Mix in the beans, and simmer over low to medium heat until beans are warmed through, about 5 minutes. Add water, if necessary, to keep ingredients moist. Adjust seasonings and serve.
Black Bean Soup
by Nancy
1 T olive oil
4 large cloves garlic, roughly chopped
3/4 C diced carrots (about 2 med carrots)
3/4 C diced celery (about 2 ribs)
1 C diced onion (about 1 sm-med onion)
2 cans black beans, rinsed and drained
1 3.5oz can green chilies
2 cans low-sodium beef or veggie broth
1 t kosher salt
1/8 tsp black pepper
1/2 t chili powder
1/4 t cumin
1/2 t dry oregano leaves
1 bay leaf
Optional Toppings: sour cream, tortilla chips, grated cheese, chopped cilantro, etc.
Place
a large stock pot on the stove-top and set to medium-high heat.
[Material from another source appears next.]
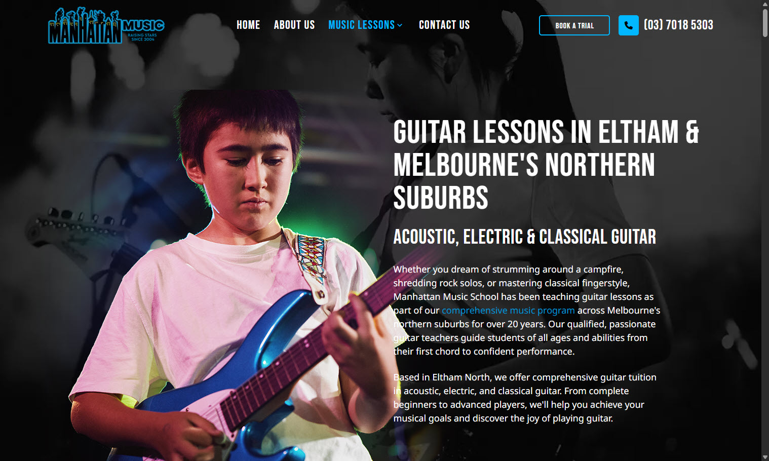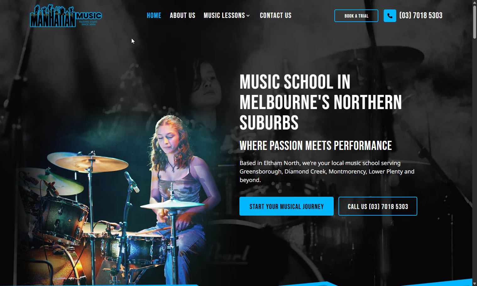 Manhattan Music is a well-established music school based in Eltham North, Melbourne's Northern Suburbs, with over 20 years of experience teaching students of all ages. They approached WebSolved needing a fresh, modern website that reflected the energy and professionalism of their school, one that could attract new students across Melbourne's Northern Suburbs and clearly communicate everything they offer.

When
pan is warm, add olive oil. Add carrots, celery, onion, and garlic and
saute 4-5 minutes.
Add
in the black beans, chilies, and beef broth. Stir to combine and then
add the salt, pepper, chili powder, cumin, oregano, and bay leaf.
Simmer uncovered for about 20-25 minutes or until carrots are tender.
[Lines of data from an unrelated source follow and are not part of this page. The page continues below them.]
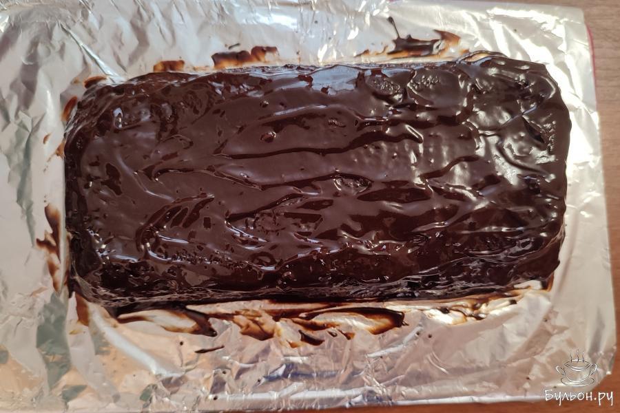 7. Готовый сырник вынуть из формы, полить растопленным шоколадом. Охладить в холодильнике несколько часов.
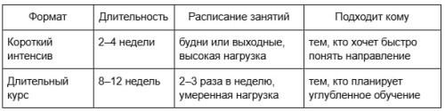 Чего не ждать на старте? Формат обучения и расписание: короткий интенсив или долгий курсКогда интенсив — плюс, а длинный курс — перегруз? Всё зависит от занятости и бюджета.
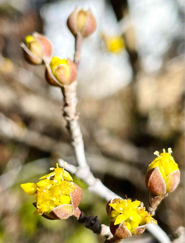 サンシュユは実もグミみたいで魅力的だけど、花も小ぶりで可愛いですよね💖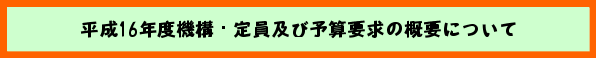 .機構・定員要求の内容 金融庁としては、平成16年度機構・定員要求においては、「より強固な金融システムの構築」、「証券市場の構造改革の推進」及び「実効性、効率性の高い検査・監督体制の整備」の三つを体制整備の重点化項目としています。 |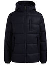 Wattierter Parka aus Polyester mit Reißverschluss, zwei Eingrifftaschen mit Druckknopf und einer schrägen Brusttasche. Ausgestattet mit Kapuze, einer Innentasche und langen Ärmeln mit Rippbündchen.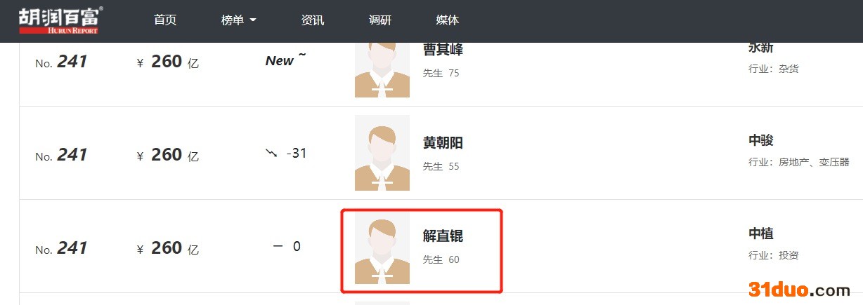 2021年,解直锟以260亿身价,登上胡润百富榜第241名。
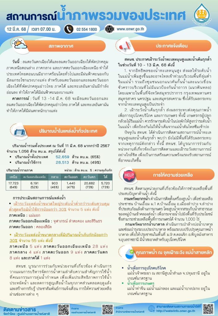 สรุปสถานการณ์น้ำภาพรวมของประเทศ วันที่ 12 มี.ค. 68 12 มีนาคม 202512 มีนาคม 2025 มงคลชัย กองรัตน์ 0 Comments แชร์ : 0 More รายงานสรุปสถานการณ์น้ำ

Remove from heat. Remove bay leaf from soup.
Place
soup in a blender. (You could use an immersion blender in place of this
step) Place lid on blender, but remove the stopper in the lid to let
heat escape. Place a paper towel over the hole to avoid splatters.
Bean Soup with Kale
by Nancy
1 T. olive oil
8 garlic cloves, minced
1 onion, chopped
4 c. kale, chopped (just the leaves, not the spiny parts)
4 c. chicken or vegetable broth, divided
2 15 oz cans cannellini beans, undrained
2 cans of sliced carrots (or use equivalent fresh)
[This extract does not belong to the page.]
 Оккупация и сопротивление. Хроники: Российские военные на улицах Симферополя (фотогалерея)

1 28 oz. can diced tomatoes
2 t. Italian seasonin
salt
pepper
1 c. chopped parsley (optional)
shredded Parmesan cheese (optional)
In a blender, mix the reserved beans and broth until smooth, then stir into the soup to thicken it. Simmer 15 more minutes. Top with chopped parsley and parmesan.
Bean and Bacon Soup
by Bethany
2 cups pinto or navy beans - soaked overnight
1 lb bacon (or bacon sausage), cooked and crumbled
1/2 bag frozen mirapoix mix
1 8-0z. can tomato sauce
2 T. liquid smoke
2 T. chicken bouillon
1 cup dried potato flakes
8 cups water
Combine everything in 6-qt. crockpot and cook on high all day.
Smoky Black Beans
by Bethany
1 pound dry black beans, soaked overnight
4 pieces of bacon, cooked and crumbled
1 onion, chopped
2 T. hickory-flavored liquid smoke
2 T molasses
1/2 cup packed brown sugar
1-2 jalapenos, chopped and seeded
Juice of 1 lime
chopped cilantro (optional - to taste)
Drain the black beans from their soaking water and place in a slow cooker. Fill with enough fresh water to cover them add in all other ingredients except for lime and cilantro. Cook on high all day. Mix in lime juice and cilantro before serving.
Monday, January 21, 2013
La Bandera
by AJ
1 lb. dry red beans
8 c. water
1 large red onion, chopped
3 cloves garlic, minced
1 small green bell pepper, chopped
1/2 c. celery, chopped
1 t. oregano
1/2 T. freshly chopped cilantro
2 T. olive oil
1 cube chicken bouillon
1 t. vinegar
2 t. tomato paste
The day prior to making the dish, soak the beans in sufficient water to cover them and leave them overnight. In a large pot, bring to a boil 8 cups of water. Add the soaked beans, cover, and reduce temperature to medium. Cook until the beans are soft. It may be necessary to add 1 or 2 cups more of water during this process that can take 1 1/2 to 2 hours The length of cooking time depends on the quality of the beans used. Once cooked, set aside and leave in the water.
In another pot, sauté the onion, green pepper, celery, garlic, oregano and cilantro in the olive oil. Add the cube of chicken bouillon, vinegar, tomato paste and a cup of water from the cooked beans. Cook for 5 minutes, stirring occasionally. Add this mixture to the beans. Mix well and cook uncovered on medium-low heat for about 20 minutes, or until the liquid has been reduced by half. Serve over cooked white rice.